Frankly, I need to quit that shit. People may think envy is harmless, but it’s not when it comes to horses – here’s why.
I ride like crap when I’m feeling this way. Last night my horse was fresh and d i s t r a c t e d. I had already planned to do an evening of trot sets (which is a good exercise for distracto Simon), but the hard hard hard grass ring made me decide to take an evening doing flat work and poles in the dirt ring.
One of the riders I really admire was riding in the dirt ring with me, and instead of sticking with my plan of mostly just exercising my fresh horse… I saw her horse hacking around beautifully and decided that now was when we needed to work on him going around in a frame. Right now. Yup. He can do it too. I have a fancy horse too. See?! See?!?!
Let me tell you, she did not see because it did not happen. Overall I gave my horse a poor ride. It was because I was jealous, and it wasn’t fair to him.
Another it’s not okay to be jealous of other riders is you never know their situation. I’ve known people who got to go to tons and tons of fancy shows because a parent died and left them money. Would I trade a parent for horse shows? Never. That fancy horse I’m watching? He could be a crazy bucker or have soundness issues. The thin and trim equitation rider I wish I could be? Maybe she started off heavy like me. You just never know.

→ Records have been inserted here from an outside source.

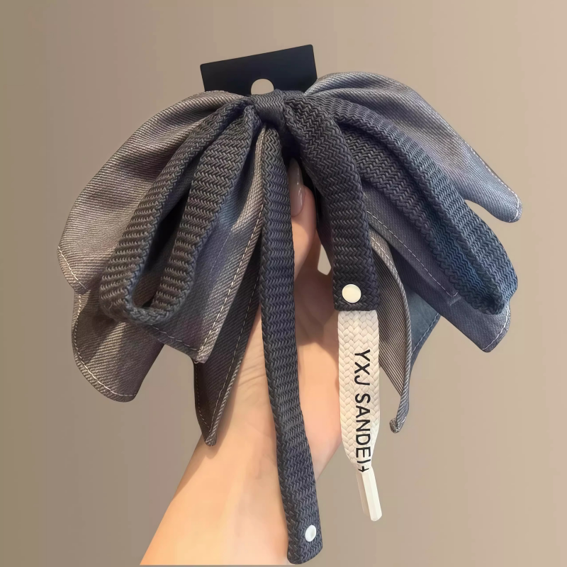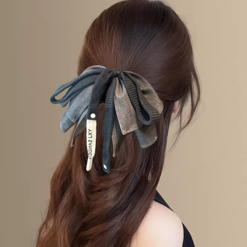 韩国洋气牛仔灰高马尾蝴蝶结抓夹发夹后脑勺高级感网红气质鲨鱼夹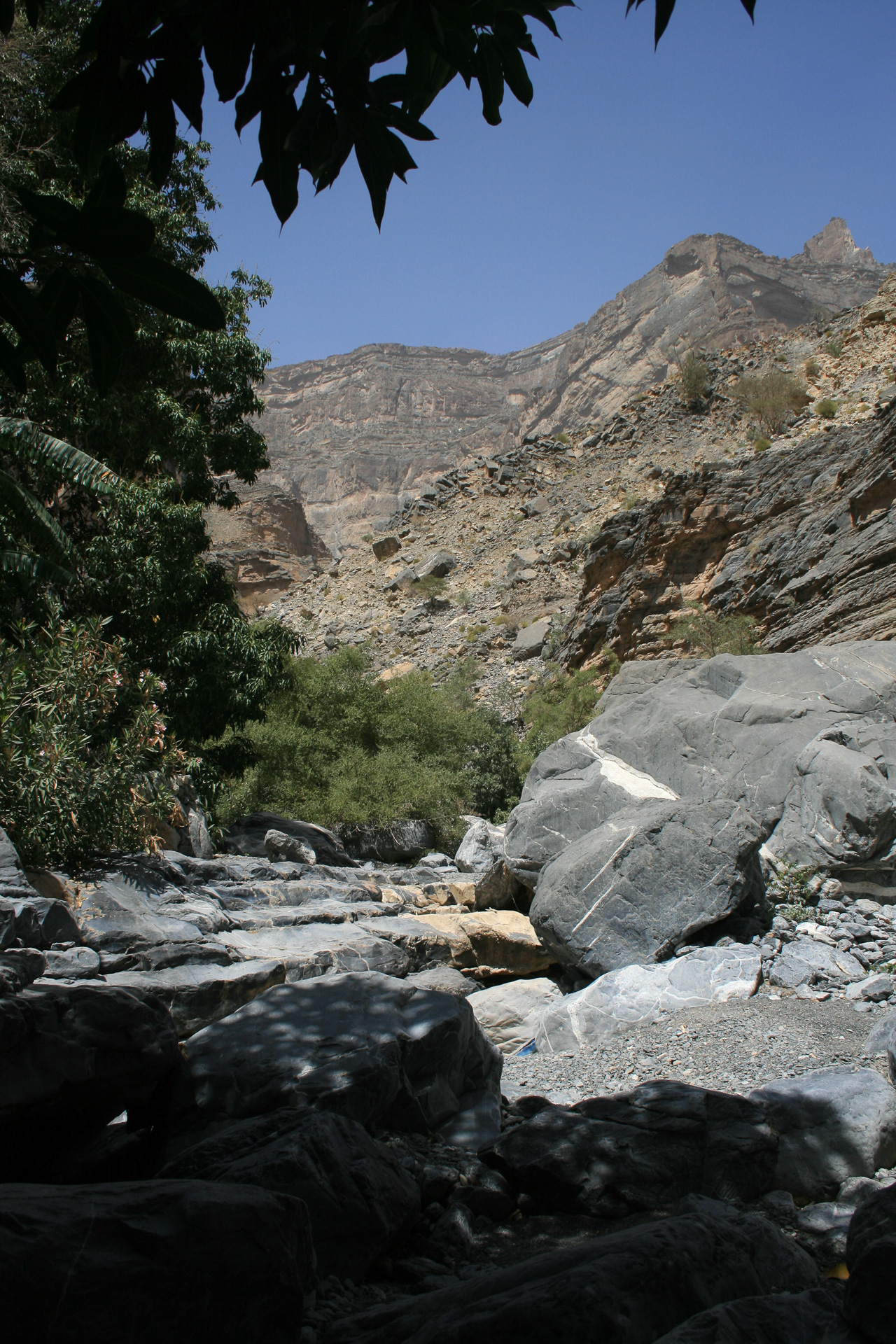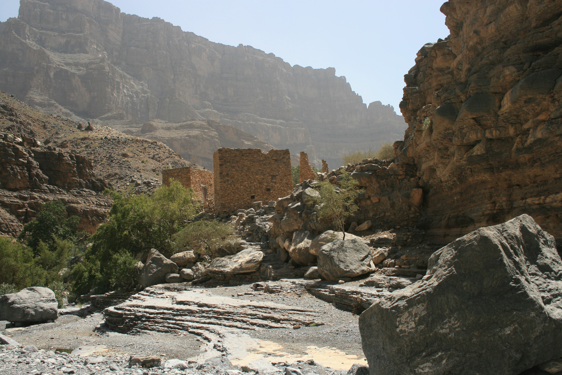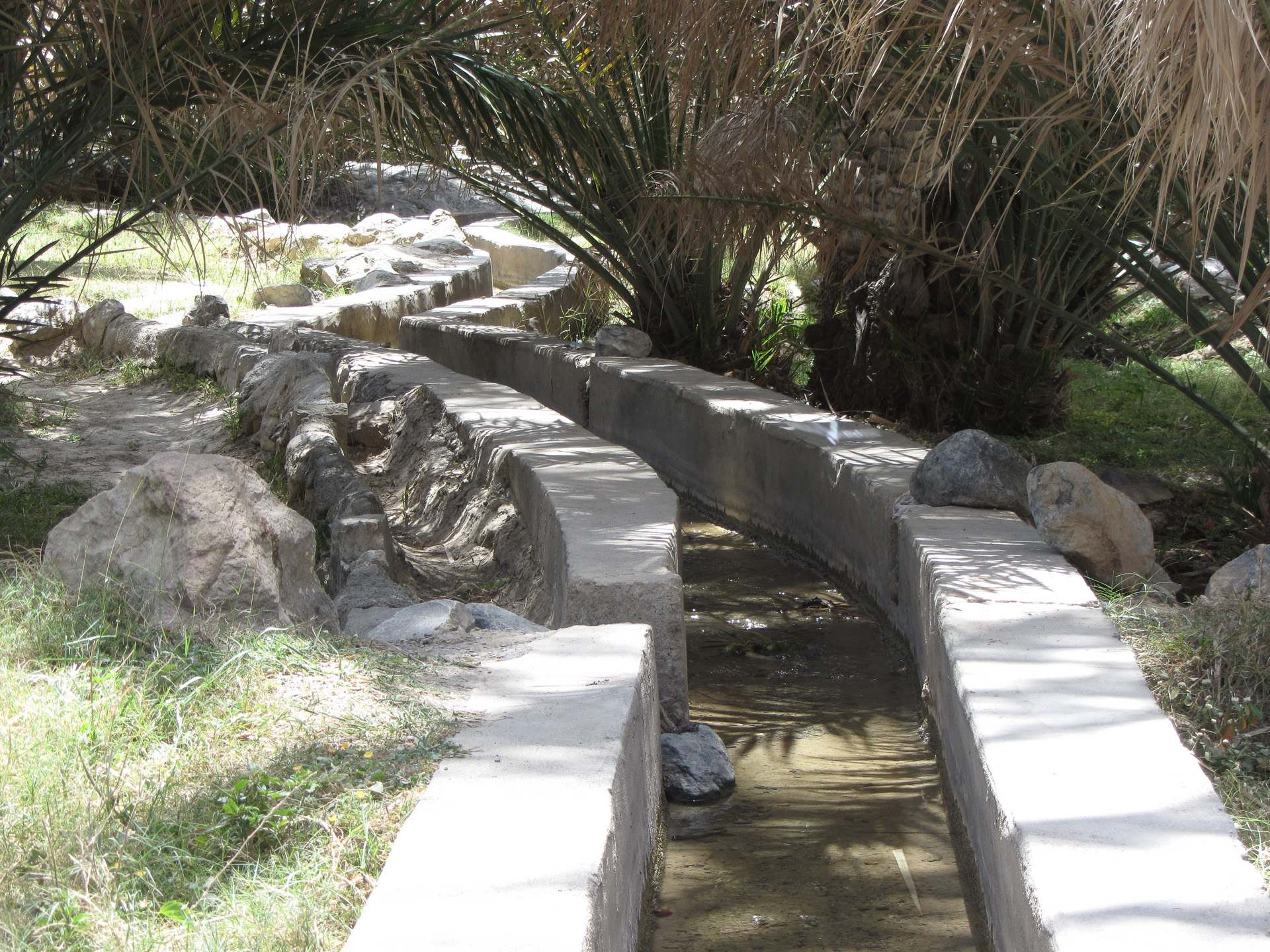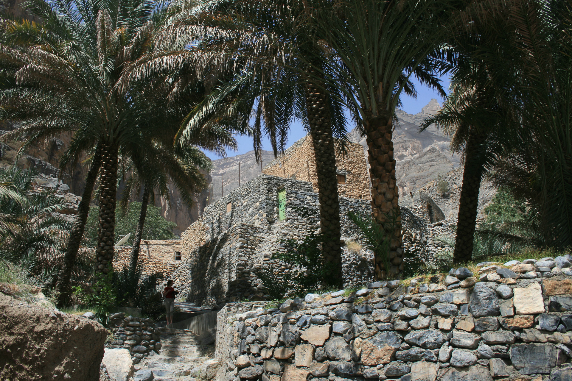 Lots of date palms irrigated from falaj, the irrigation channels that run along the sides of the wadi.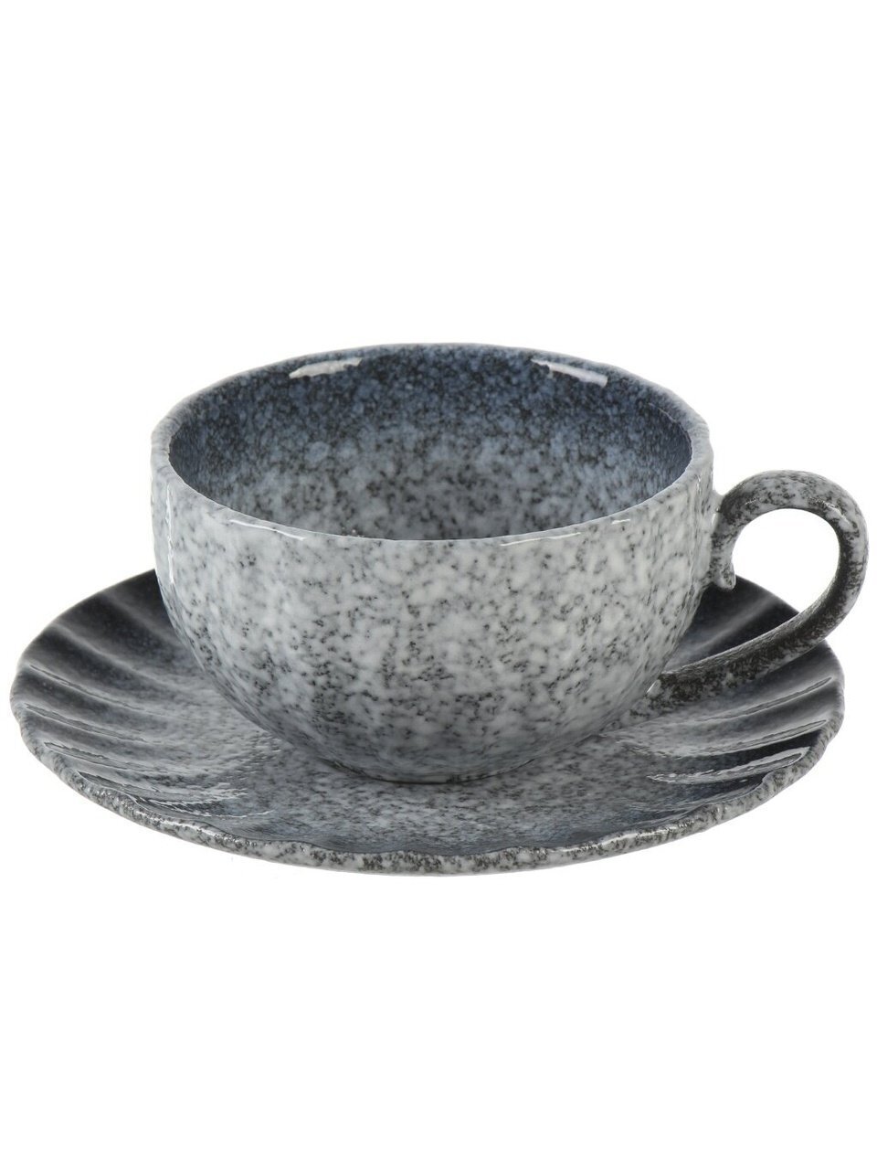 Чайная пара "Затмение" выполнена из высококачественной керамики, которая обеспечивает долговечность и приятные тактильные ощущения. Серый цвет и изысканный узор добавляют утонченности и современности, делая каждое чаепитие особенным. Круглая форма блюдца подчеркивает гармонию и завершенность дизайна.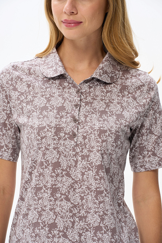 Джемпер-поло из кулирки качества ПЕ 150 гр. Модель свободная, прямого силуэта, с классическим оформлением горловины - воротник-поло и застежка на пуговицы, рукава короткие, по бокам разрезы. Лёгкий, комфортный, универсальный джемпер для офиса и отдыха. Рост модели 175 см.

So tonight when I ride I’m going to try and be a bit more grateful for what I do have. My horse is sound right now, and he is a good soul. I have budget for training and lessons and some small shows. I get to board at a nice barn. I get to have a horse.
I bet that some people come to this blog and are jealous. It’s all relative. Time to put on my thankful cap and give my dear sweet pony a good ride tonight!